# Lighting: Help me understand the difference between T8 and T12



## LeeBarker (Aug 6, 2010)

Visited a friend's shop this week and he has a new, 4 tube 4' T8 light fixture, hung directly over his workbench (but safely above it).

It is uncanny, this desire to want to be in that light. It is magnetic, in a sense. That's a visceral response; the intellectual one is, boy, I can really see everything very clearly here.

Once the electrician had installed the light and turned it on, the owner said, "Put me on your schedule to come back and do two more."

I'd like some good information on the difference, both functional and investment (installation and operating cost) and anything else that would help those of us who are in the dark make an incremental improvement in that state of affairs.

Kindly,

Lee


----------



## TravisH (Feb 6, 2013)

A lot of what you describe is the K rating of the bulb. Cost between t8 and t12 is virtually the same unless we get into lighting building the size of stadiums (becomes more about the ballasts used).


----------



## JustJoe (Oct 26, 2012)

T12 are phased out, no longer being produced, obsolete. 
That should make it a bit easier to pick T8 or T5.

The T means tube, the number is the diameter in 1/8 (T12 is 1.25", T8 is 1" diameter).
The smaller the diameter, the more efficient to an extent.
For the 48", a T12 is 78 lumens (brightness) perwatt, and a T8 is 90 an T5, if you have the $, is 99.
And the color rendering index (CRI - wavelengths covered, bigger makes it look more natural) is better too.
For T12 it was low 60s, for T8/T5 it is mid 80s.

Because of the new regulations phasing out T12 and incandescents I'm sure the internet is full of sites that can explain it better than that if you try googling "difference between fluorescent lights" or "T12 vs T8 vs T5" might get you something better.

My workshop is full of 8' T12s. I hope they don't burn out before I die.


----------



## tefinn (Sep 23, 2011)

Hey Lee, there's not a lot really to say about them. The T8's use less electricity than T12's and put out brighter light. The T12's are no longer made in the US, so the cost of the T8 fixtures has dropped and is now comparable to what the T12's were. They install exactly the same as T12's. If you have T12 fixtures, you can even convert them to T8 (the pins and length for both types are the same) by changing the ballast and installing new T8 tubes. The ballasts cost the about the same as the old T12's did. I bought mine at HD for about $15 each.

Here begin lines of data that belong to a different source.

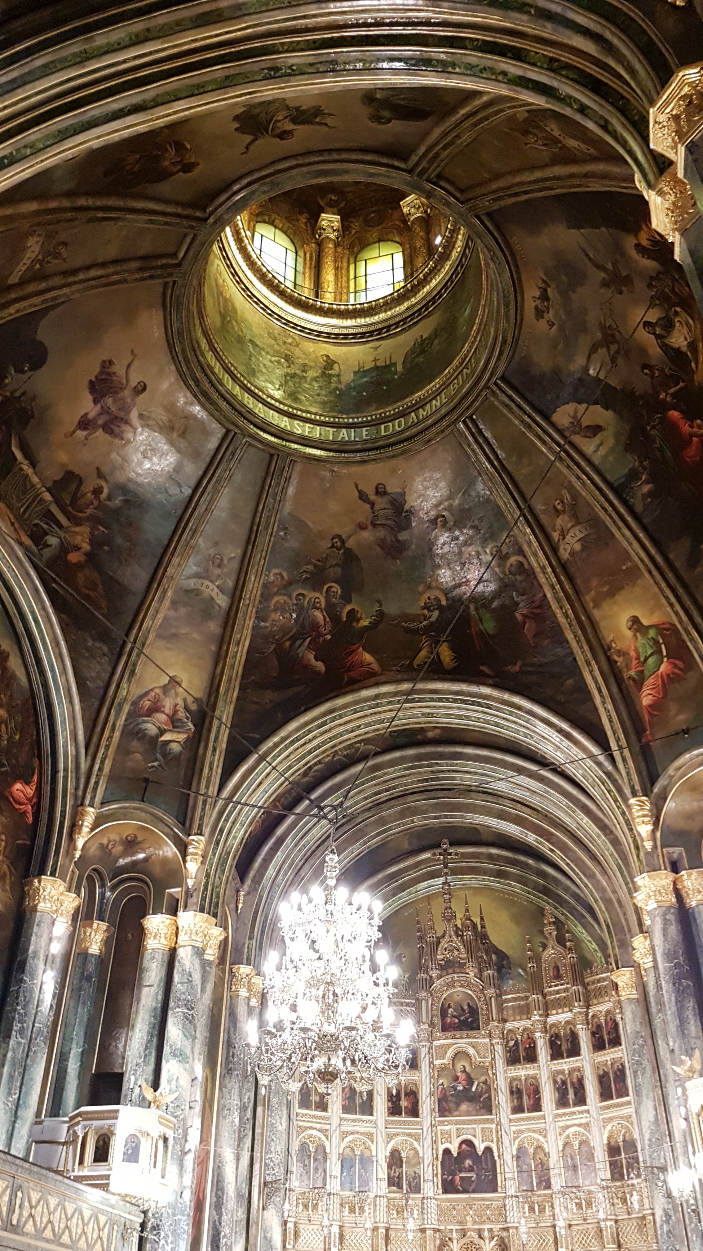 Pictura cu influențe renascentiste a fost făcută de Gheorghe Tattarescu, iar coloanele de marmură, vitraliile cu scene biblice și sfinți au fost executate la Viena.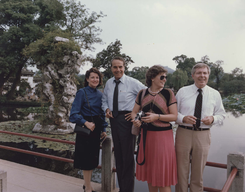 The Doles posing with two others in front of water | Dole Archive Collections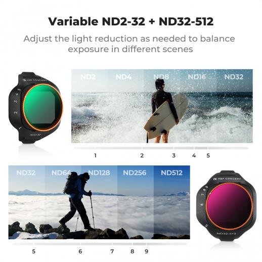 - * [Light Reduction Effect] ND2-32 provides 1-5 stop light reduction, ND32-512 provides 5-9 stop light reduction, variable nd filter can be adjusted according to photography scene need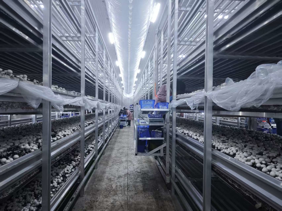 该项目引入上海联中食用菌专业合作社先进技术与管理模式,高标准规划建设10条一次发酵线、32条二三次发酵线及3栋智能化菇房,实现双孢菇培育、种植、采收全流程智能化、标准化管控。目前已处于试生产阶段,单日鲜菇产量可达6至10吨。项目全面建成达产后,预计年产值可达2.5亿元。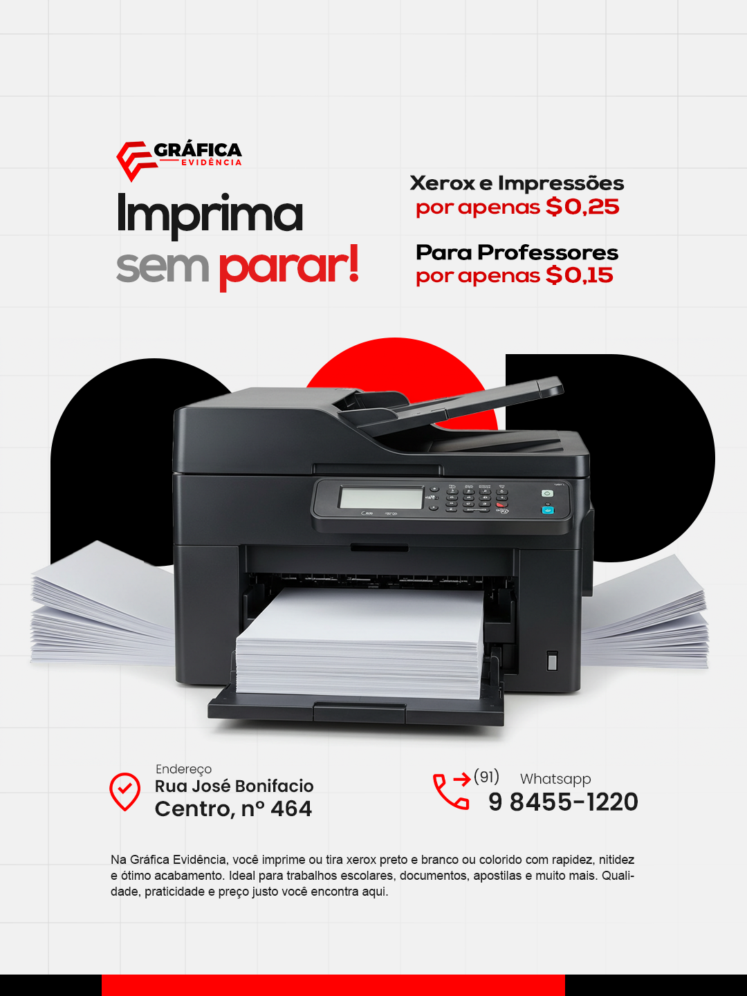 Trabalhamos com equipamentos de última geração, cores precisas e acabamentos profissionais, garantindo materiais que se destacam, do cartão de visita ao banner.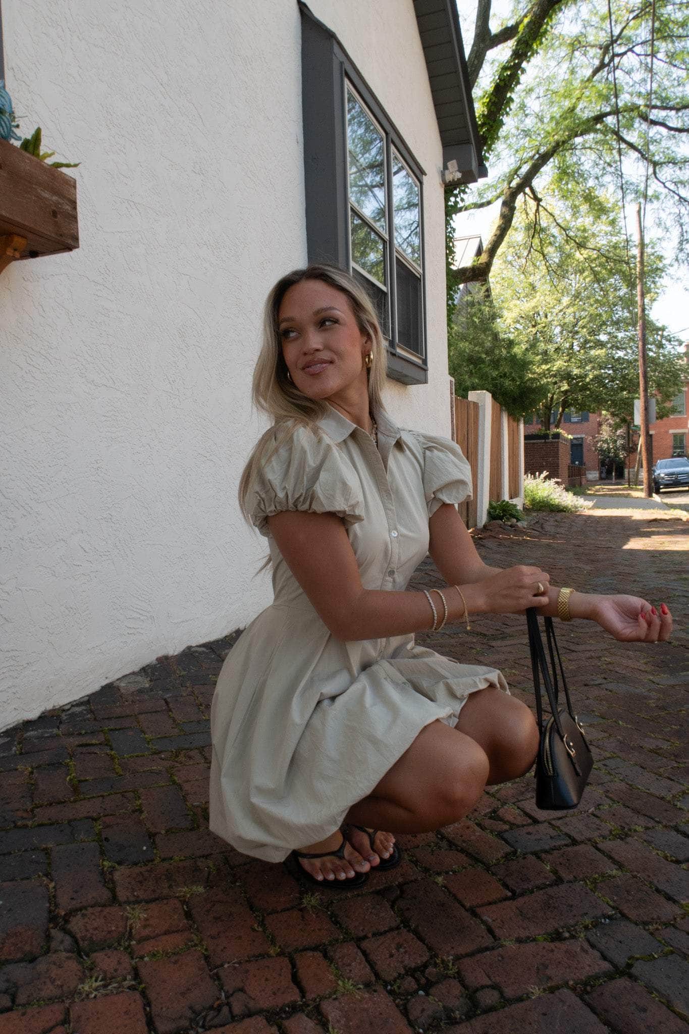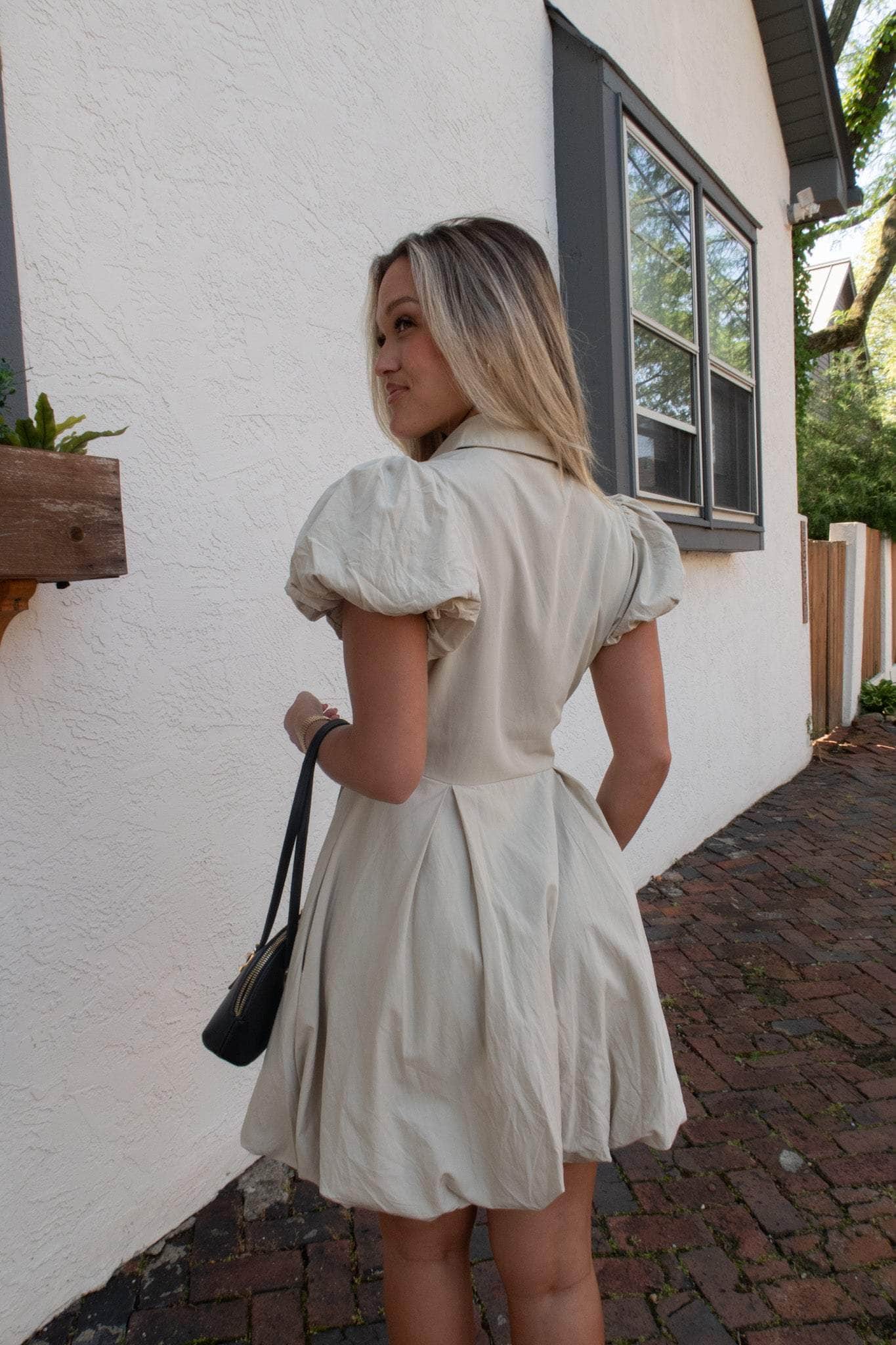 Soft cotton blend button-up dress with a collared neckline. puff sleeves. and a puff hemline. Designed with an A-line silhouette and side pockets for added convenience. An easy go-to for everyday or casual outings.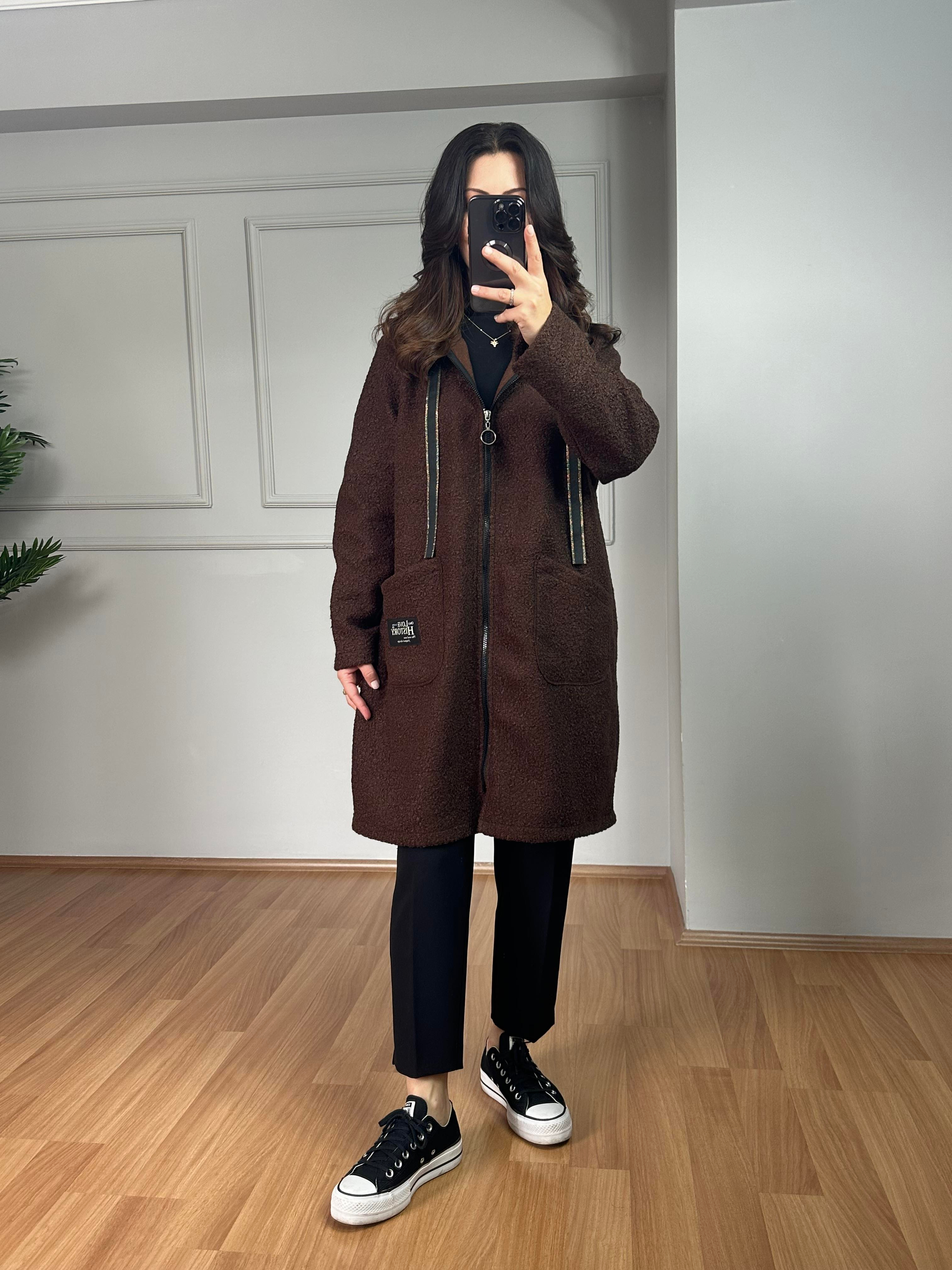 CDBR4063Buse Acı Kahve İtalyan Buklet Oversize Ceket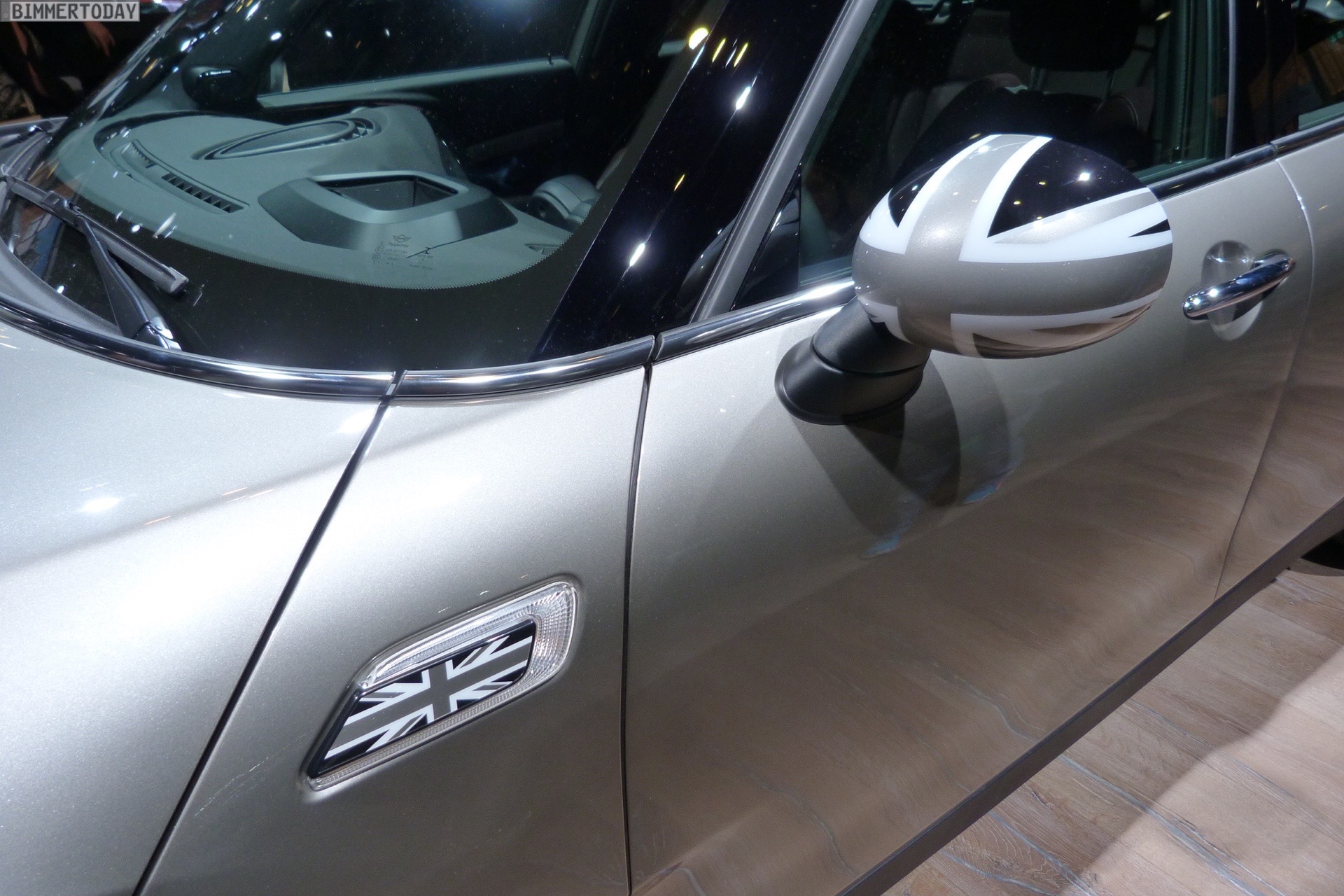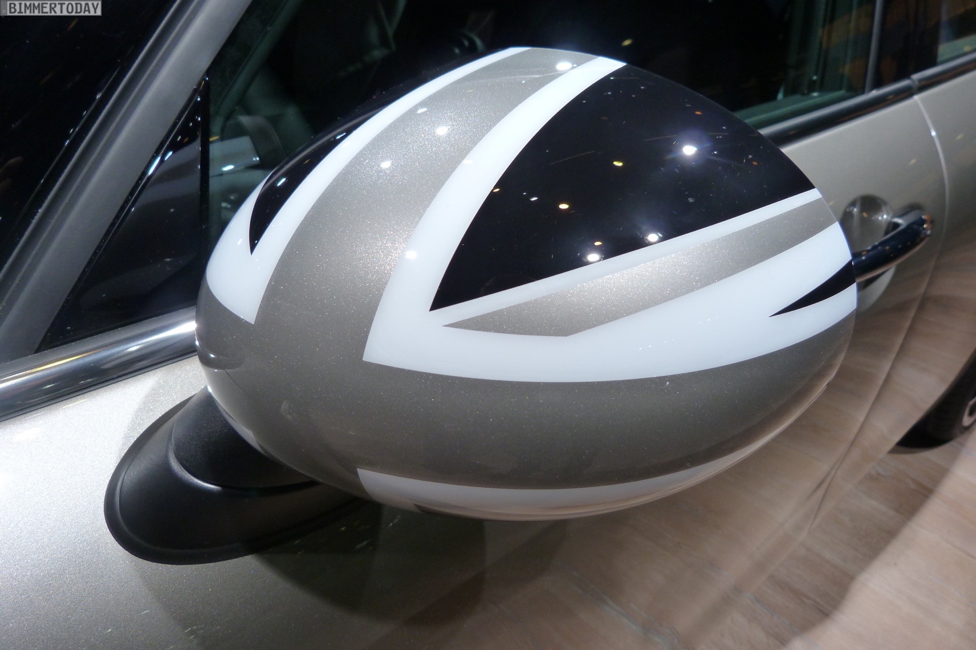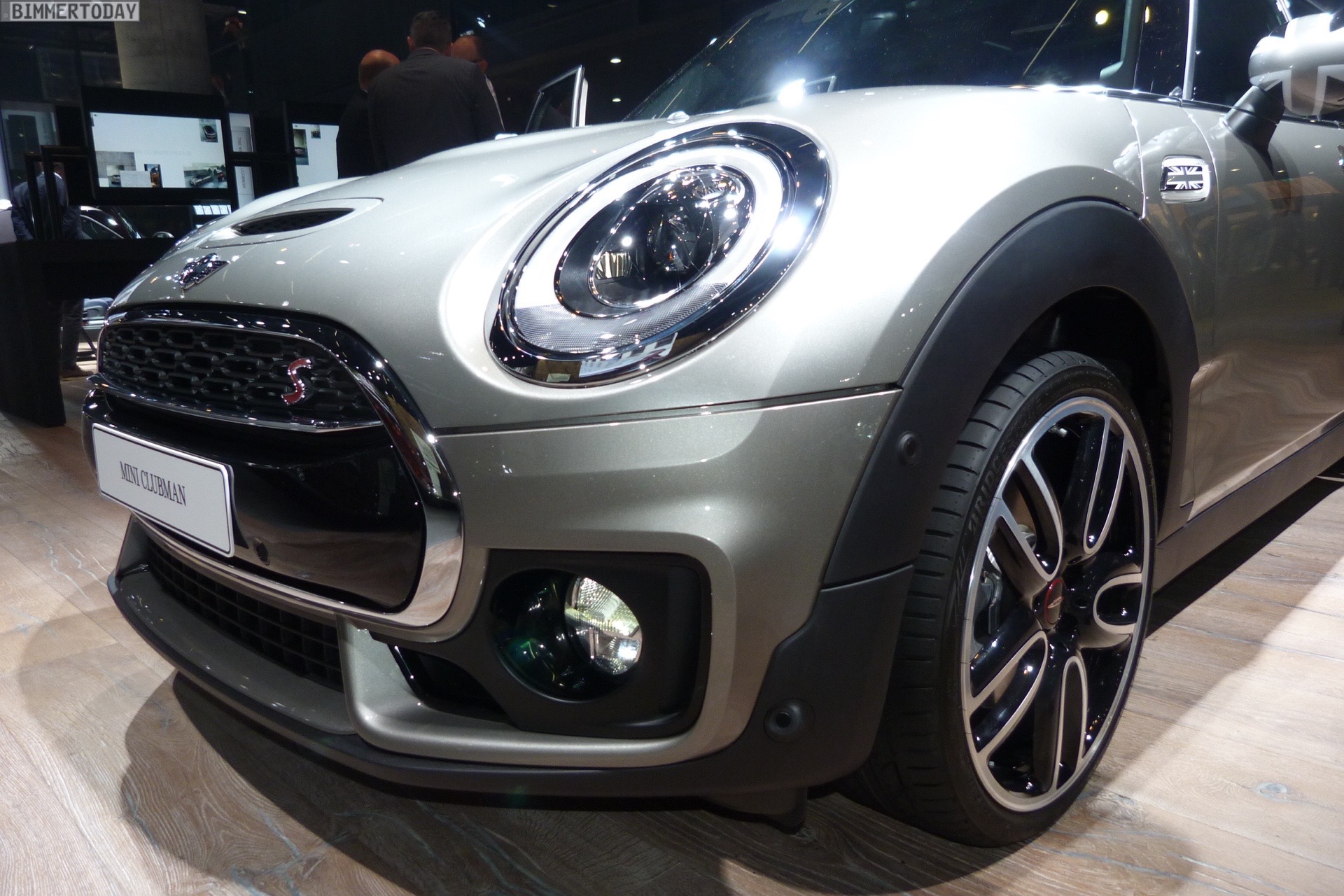 Zur Weltpremiere auf der IAA 2015 glänzt der MINI Clubman F54 nicht nur im eleganten Lapisluxury Blue, sondern auch in einer betont sportlichen Version mit John Coopeer Works Exterieur-Paket. Mit seiner Lackierung in Melting Silver Metallic und dem schwarz abgesetzten Dach wird der Clubman zum dynamischen Hingucker, die schwarzen Union Jack-Elemente aus dem Zubehör-Programm greifen die Farben des Fahrzeugs erneut auf.

As far as operating cost, they do save money on the electric bill. I grow tropical plants/orchids (my other hobby) under lights and have six, three shelf stands with a two light fixture on each shelf. That's 24 light fixtures with 48 bulbs that run for 12hrs a day. After converting them all from T12 to T8 my electric bill dropped over $40 a month.


----------



## JustJoe (Oct 26, 2012)

Tom - please explain (maybe in another post or an instructional blog) how to do that ballast changeover. I've got 4 of the 2-tube 8' fixtures and a couple of the smaller ones and only one T12 spare bulb left.

Edit: Thanks.


----------



## TravisH (Feb 6, 2013)

Wood… Best-Ever Home Shop Ideas 2013 (Displayed until December) has a 4 page article on shop lighting.


----------



## patron (Apr 2, 2009)

i had a slew of t-12 fixtures i got on sale years ago
put 12 of them up in my spray booth
(so i don't have to bend over and move around 
to see the actual work surface)
got a bunch of t-12 tubes for them
but only a few worked the rest flikered or didn't light at all
returned them and got other boxes
(one turned out to be some guys old ones
he had taken back and got his money back 
as if they were new in the same box)

well it turns out the ballasts were no good in my fixtures
and they don't even sell them on ballast sites either
(cheap stuff works that way)
so now i am looking for enough money to get the t-8 fixtures
as i have 24 brand new t-8 tubes

i will 'watch' this page
for more info on this too

thanks lee for this post


----------



## BillWhite (Jul 23, 2007)

I have 8 two tube T-8 fixtures in my shop. 9 foot ceilings painted a slight off-white. Very pleased with the lighting though I do use some task lighting for the lathe, drill press, and bench grinder.
Bill


----------



## JayT (May 6, 2012)

T12's are still being produced, but there had to be a change in the phosphors used (the white powder that glows under electric current, producing the light) and the CRI. The effects of that change are 1) new T12's are not as quite as bright as previously and 2) they jumped dramatically in price.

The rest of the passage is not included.